Once damaged and not repaired, a gene normally involved in the control of cell division no longer exerts control. As a result, the cell containing that gene is transformed into what can then be called a cancer cell. Usually, cancer cells divide rapidly to produce large numbers of cells which are clones of the original cell but with changed chromosome numbers and structure. One or more clones of cancer cells, normal skin cells and blood vessels may combine to form a swelling called a tumor. All three types of skin cancers form tumors that show a lot of variety in size, shape and color.
6. How do skin tumors become deadly?
Skin tumors contained in their growth and not invading surrounding normal tissue are called benign, meaning they are not harmful. Expanding tumors can invade nearby tissues and interfere with normal functions. However, a primary invasive skin tumor becomes possibly deadly when cancer cells detach, migrate through the walls of blood vessels and arrive at other parts of the body. The tumor is then malignant and the spread is called metastasis. Located in new organs, the skin cancer cells can divide rapidly to form secondary tumors that may disrupt organ function and cause death.
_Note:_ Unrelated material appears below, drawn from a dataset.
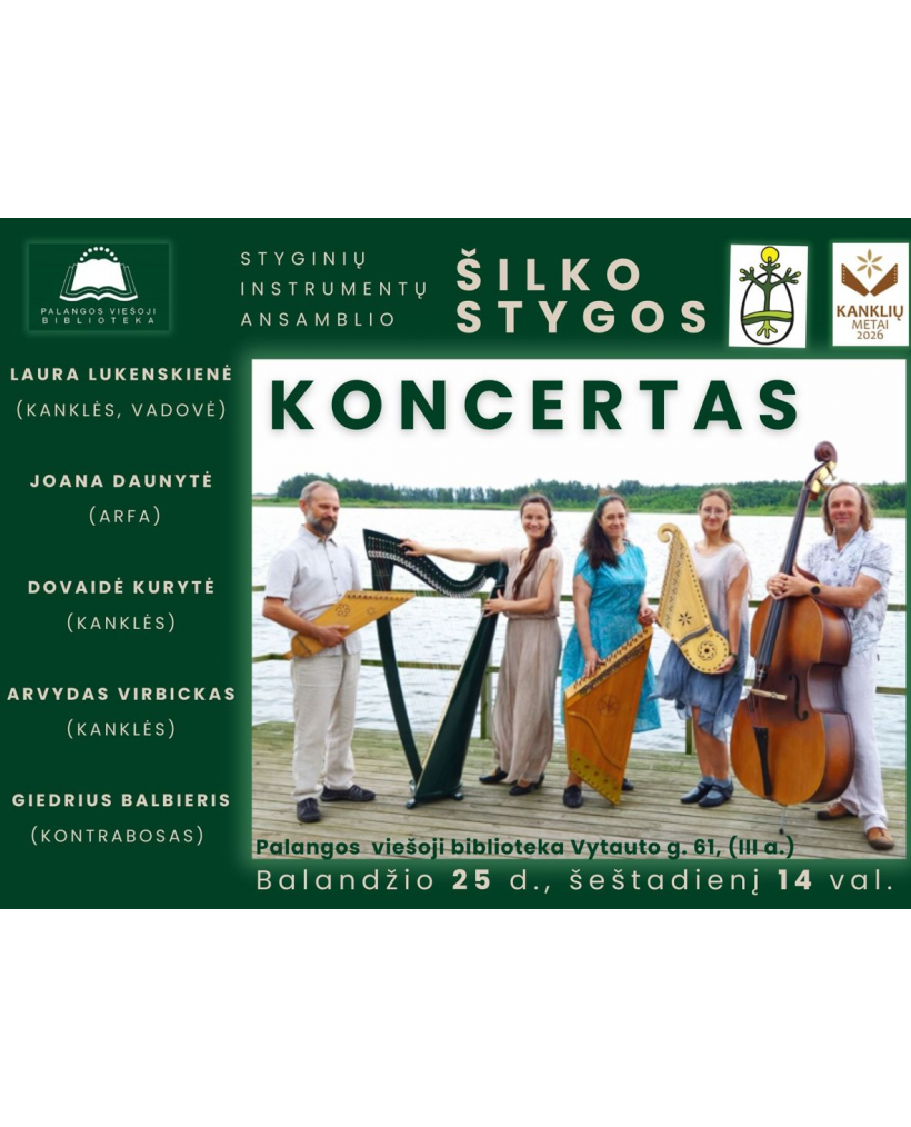 2026-04-25 Renginio data: 2026-04-25 14:00Balandžio 25 d., šeštadienį, 14 val., pačiame Jurginių šventės įkarštyje, kviečiame į Palangos viešosios bibliotekos renginių salę, kur koncertuos styginių instrumentų ansamblis ,,Šilko stygos“. Šis ansamblis – viena ryškiausių grupių Lietuvoje, kuri derina įvairių tradicinių ir šiuolaikinių kanklių skambesius bei juos jungia su akademine arfos elegancija ir žemaisiais styginiais. Tradicinė muzika perteikiama šiuolaikiškai, improvizuotai.

7. When do they become deadly?
Benign skin cancers may remain permanently in that state throughout the rest of life or they may eventually become malignant. In some cases, however, a primary tumor may become malignant relatively quickly. MM is the leading cause of death from skin disorders and is more likely to progress rapidly than NMSC. Both NMSC and MM affect adults of all ages and increase in incidence with age. Death from NMSC, however, is strongly concentrated among elderly people. MM, on the other hand, is often fatal at young ages in fact the average age at death from MM is younger than that of most other kinds of cancers.
8. Who is at risk?
Many risk factors have been associated with relationship between human skin cancer and exposure to sunlight. Most skin cancers appear to be sporadic but all three kinds show familial susceptibility so there is a genetic component. People with light-colored skin, fair hair and blue eyes are more likely to develop skin cancers after excessive exposure to sunlight than are darker-skinned people. Outside workers and people with outdoor recreational lifestyles, with chromic exposure to sunlight are more prone to developing NMSCs than inside workers but this does not seem to be so for MM.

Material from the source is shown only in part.